To: Mark S.
From: Geoffrey Klempner
Subject: Kant on synthetic a priori principles
Date: 11th October 2010 13:00

Dear Mark,

Thank you for your email of 30 September, with your essay for the University of London Modern Philosophy: Spinoza, Leibniz Kant module, in response to the question, 'Describe and assess Kant' s reasons for holding that mathematical (arithmetical and geometrical) knowledge, and some principles of natural philosophy (physics), are synthetic and a priori' (Q9 2006, Q11 2009 combined).

You have understood the question in a different sense from the way I think it was intended. In the sense in which you have understood it, you have made a case for denying Kant's claim about synthetic a priori judgements which appears to be based purely on a critique of Kant's use of these two terms. Although his definitions of 'synthetic' and 'a priori' are largely defensible (with a nod to Quine etc.) he has failed to overcome the dilemma expressed eloquently by Einstein (a quotation which I haven't come across before): 'In so far as the laws of mathematics refer to reality, they are not certain; and in so far as they are certain, they do not refer to reality.'

Despite the fact that Einstein said it, and despite also the reasonable assumption that Einstein was not unaware of Kant's philosophy, this is little better than a statement of the very thing that Kant spends pages and pages of the Transcendental Analytic arguing against. This is the challenge, which Kant is very much aware of. Indeed, you could see this concise statement as pinpointing the very problem which Kant has identified.

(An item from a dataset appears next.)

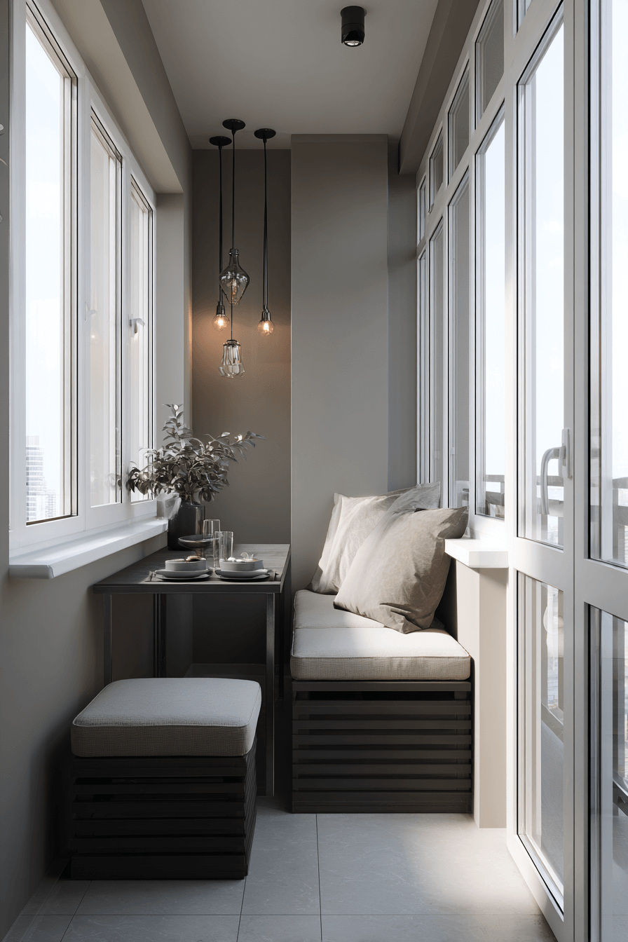 Integrated features make very small balcony decor more functional and efficient. Built-in shelves and railing tables maximize overlooked areas. Streamlined layouts keep the space open and uncluttered. Soft contrasts add visual interest without distraction. Every piece serves a purpose. The design feels practical and modern. Explore this smart balcony solution.

Kant doesn't accept (and neither do I) the possibility that arithmetic could be empirical, in Einstein's implied sense. Come to think of it, nor did Frege in his brilliant destructive critique of Mill's views in the Grundlagen ('Foundations of Arithmetic' translated by J.L. Austin). Geometry is a very different case. Whereas for arithmetic we have the challenge of Godel's theorem, which though fundamental merely rejects the belief that arithmetic is finitely axiomatizable, in Geometry we have proofs of the consistency of non-Euclidean geometries, not to mention the evidence from Relativistic physics that it is non-Euclidean geometry which correctly describes the actual world.

So, what exactly did Kant set out to prove? He employs a novel form of argument, 'transcendental argument' which appeals to the 'conditions for the possibility of experience'. As you quote Hanna, the apriority/ necessity which he is seeking could be described as 'a necessary truth with a human face'. I would only add that it is not specifically human beings for whom these propositions are necessary, but rather any beings who enjoy our 'forms of perception', viz. space and time.

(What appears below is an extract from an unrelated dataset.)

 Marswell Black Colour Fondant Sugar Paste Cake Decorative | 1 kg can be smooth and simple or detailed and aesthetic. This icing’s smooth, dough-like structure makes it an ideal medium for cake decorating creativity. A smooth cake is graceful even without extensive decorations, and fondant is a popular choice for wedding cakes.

You mention P.F. Strawson at one point: in his excellent commentary on Kant, 'The Bounds of Sense' (1966) Strawson seeks to defend Kant's transcendental arguments, by means of a certain amount of horn retraction. If it really was the world which told us that Quantum Mechanics is at least possibly true, then before we even look at Kant's argument for the necessity of determinism we more or less know that there must be a fallacy somewhere. And yet, there is something right about what Kant says.

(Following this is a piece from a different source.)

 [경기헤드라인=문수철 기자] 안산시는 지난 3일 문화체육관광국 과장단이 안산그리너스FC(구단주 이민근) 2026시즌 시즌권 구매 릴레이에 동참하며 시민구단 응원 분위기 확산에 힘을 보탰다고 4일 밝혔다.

Imagine a subject theorising about a possible world, on the basis of a stream of experience. If that experience is not ordered spatially as well as temporally, if the existence of space is not brought in from the start as a necessary a priori assumption, then the process can never get going at all. Strawson gives a nice account of how, in the absence of a spatial world, the self disappears, leaving only a momentary vanishing awareness. (This more or less what Kant seeks to show in the 'Refutation of Idealism' from the 2nd Edition of the Critique of Pure Reason.) The identity of the self presupposes, as the a priori condition for its possibility, that experience is interpreted as perception of an external world of objects in space, the self (the empirical self that is) being one of those objects.

But Kant realized that this wasn't enough. We need additional assumptions if this task of constructing a spatial world on the basis of experience is to get off the ground. The world changes, and yet, somehow, based on limited experience, we are able to track these changes. To do that, we need the concepts of 'substance' and 'cause'. On the assumption that there can be no truth value gaps, of any kind, not even in principle, Kant argues that whatever is identified as 'substance' must be necessarily indestructible (e.g. Newtonian corpuscles). There can be no exceptions to deterministic causation. This is where Strawson demurs: all Kant has shown is that for experience to be possible there must be 'sufficient' permanence and 'sufficient' lawlike regularity (whatever that means).

If you have read all the way through the Transcendental Analytic, you will know just how mind-bogglingly obtuse Kant can be. But there's really no substitute, so far as this essay topic (or topics) is concerned, to giving an exposition of Kant's transcendental arguments and an evaluation of their cogency.

All the best,

Geoffrey